Canalblog
Editer l'article Suivre ce blog Administration + Créer mon blog
Publicité
Paris-Kyoto
16 avril 2014

Un début d'année à la Tetris

photo

L'aventure, la grande aventure, c'est de voir surgir quelque chose d'inconnu chaque jour dans le même visage. 

C'est le plus grand des voyages autour du monde.

Alberto Giacometti

 

Le ciel était bleu azur, immaculé et baigné de soleil, comme celui dans Le vent se lève de Miyazaki. J'ai inspiré lentement et le plus longtemps possible l'air du matin. Pendant ce temps, mon frère préparait le petit-déjeuner dans sa cuisine. Confiante et apaisée, j'ai quitté Tokyo ce jour là avec le sentiment qu'une nouvelle étape était sur le point de commencer.

(...) 

Trois jours à peine après mon retour, mon Blackberry et mon iPhone dans une main et deux vanilla chai latte brûlants dans l'autre, je me plaignais un peu, avec un air d'équilibriste confirmé, sur la question de devoir toujours être connectée et fatalement d’être sans cesse dans l’instantanéité.
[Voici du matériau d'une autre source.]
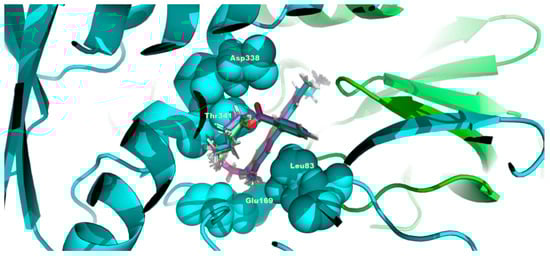 C4R1 docked structures on human ATP synthase. The conditions are the same as in Figure 8 except that the α-subunit of ATP synthase is shown in turquoise and β-subunit of ATP is in light green. C4R1 molecule is locked in the center of the figure entrapped in the same pocket as for C2R1 organized by the same amino acid residues (L83, E169, D338, T341).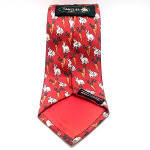 Men's Tie Sanglier Paris 100% Silk Red Rabbit Carrot Pattern Made In France 59"L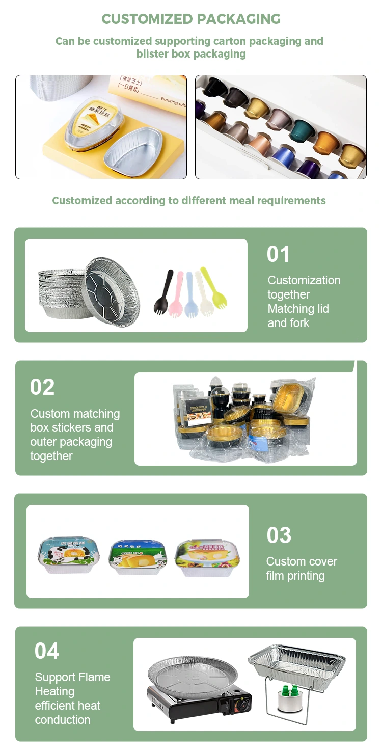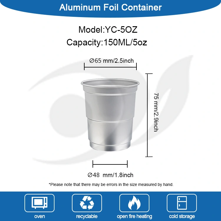 Scénarios de restauration et de vente au détail : les cafés, les salons de thé au lait et les magasins de jus peuvent être utilisés pour conserver de petites boissons et des échantillons. La capacité exquise et l'éclat métallique améliorent la texture de la marque ; Les glaciers et les magasins de desserts peuvent être utilisés comme mini tasses à dessert pour transporter des boules de crème glacée, de petites portions de mousse, etc. Le matériau en aluminium peut mieux maintenir la basse température et prolonger la durée de conservation du goût. Les capacités de production professionnelles de Yunchu Aluminum Foil peuvent prendre en charge la personnalisation des LOGOs de marque sur le corps de la tasse, aidant ainsi les commerçants à renforcer la reconnaissance de la marque.

C'est là qu' O. prit un air grave et dit: "Tu sais, je crois que les gens ne savent plus être ensemble." J’ai rangé très vite mes téléphones, sur lesquels j'avais un œil rivé malgré moi, tout au fond de mon sac en toile beige, espérant que mon geste soit le plus discret possible tout en répondant: « Tu as tellement raison. »
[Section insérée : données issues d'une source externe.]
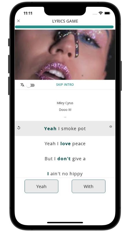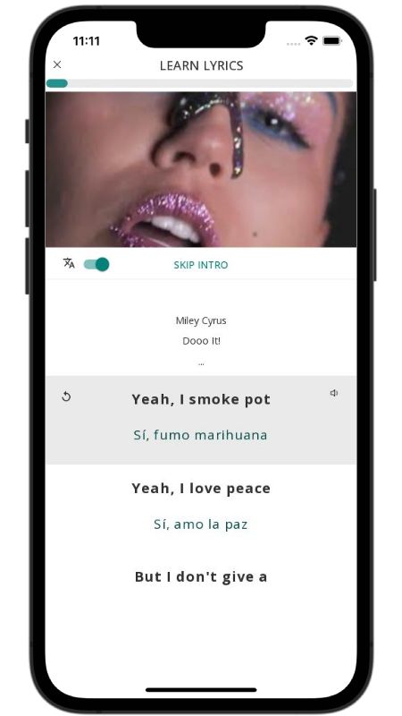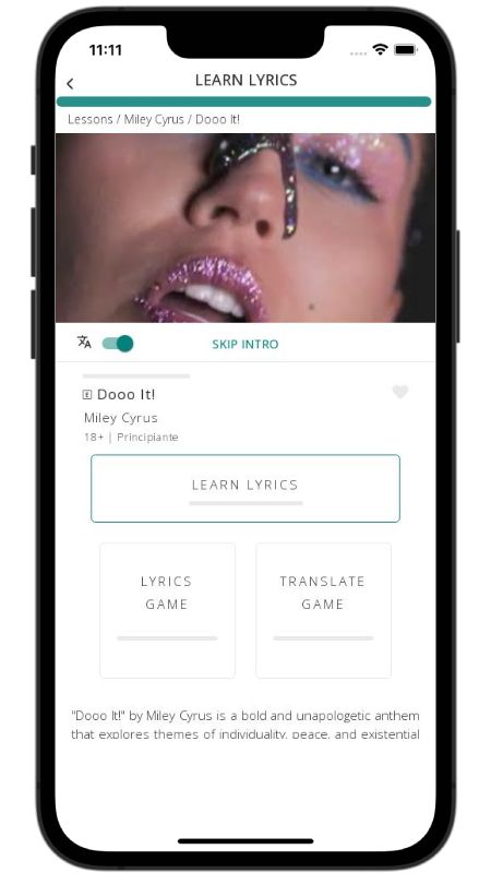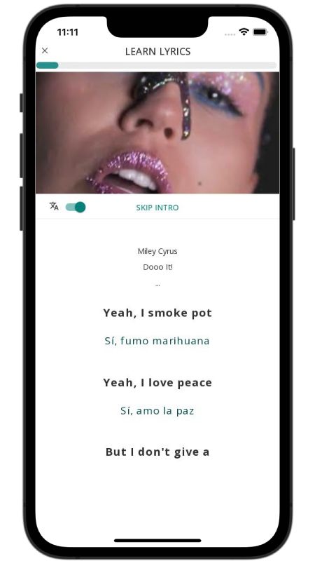 In addition to reading lyric translations, you can now learn English with music and lyrics from your favorite artists.

Plus tard, autour de cette table, qui avait servi quelques mois auparavant au décor d’un des courts-métrages de Break-Ups, se sont retrouvés, le temps d'un dîner improvisé, des profils bien distincts, qu'il aurait été inutile de comparer. M. nous parlait de sa mission aux Philippines au sein de Médecins Sans Frontières: « J'ai parfois l'impression de jouer à Risk. Les seules indications que l’on me donne sont l’emplacement de l’aéroport, celui du port le plus proche, des villes dont les accès sont bloqués et à partir de ces bribes d'informations, je dois me débrouiller pour approvisionner 70 000 personnes en eau potable.» 
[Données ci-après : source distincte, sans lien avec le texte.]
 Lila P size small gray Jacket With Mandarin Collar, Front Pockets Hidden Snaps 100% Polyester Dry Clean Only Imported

Ce soir là, elle nous quitta la première: elle devait préparer son sac en prévision de sa mission, de deux mois, qui débutait dès le lendemain au Soudan du sud. 

(…)

Alors que les minutes de retard du TGV m'avaient déjà un peu éloignée de la soirée d'anniversaire de N., je décidais, sitôt arrivée, d'enfourcher un taxi-moto. En tenant d'une main la poignée, j'ai texté de l'autre, un court mais efficace "j'arrive dans vingt minutes", pendant que le chauffeur zigzaguait joyeusement dans les rues parisiennes. Encore remplie de cette sensation de vent froid s'engouffrant dans mes vêtements, j’ai tapé le code que je connaissais par cœur et, quatre étages plus haut, je retrouvais ceux qui me rendaient cette ville si belle et qui m'avaient tant manqué. 

(...) 

Ce samedi là, face à L’Homme qui chavire, bouleversée, j’ai repensé à ces instants de vie qui rendent la mienne si intense ces derniers temps et à des bribes de conversations que je ne peux m'empêcher de garder en mémoire à défaut de les consigner précieusement dans le petit calpin noir à spirale que j'ai constamment sur moi. 

Il m'arrive de tenter d’établir une grille de lecture qui me permettrait de clarifier certains points, parmi ce tourbillon d'événements qui régit ma vie depuis quelques mois. Je m'interroge aussi sur la notion de Pardon, aussi bien familial qu'en amitié. Et lorsque ces moments s'alourdissent, je m'autorise à m'évader par la pensée. Ainsi, avec nostalgie, je me remémore mon début d'année qui avait commencé plus tôt qu’en Europe dans un temple situé au milieu du parc Yoyogi où, après quelques yens lancés, j'ai joint les mains et fait un vœu, comme les quelques milliers de personnes qui se trouvaient autour de moi. Depuis, j’observe incrédule la succession d'événements qui s’imbriquent avec une logique qui n’a rien de rationnelle mais qui rappelle étrangement celle dont il fallait user dans Tetris. 

Lors d'un déjeuner au soleil avec C., je partageais ces sentiments d'évidences, ces belles rencontres et ces fausses coïncidences qui m'apportent chaque jour un plaisir sans nom. "Tu sais, comme disait Paul Eluard, il n'y a pas de hasard, il n'y a que des rendez-vous." J’eu soudain la sensation que l’on m’offrait un nouveau relief à mon printemps déjà fortement ensoleillé. 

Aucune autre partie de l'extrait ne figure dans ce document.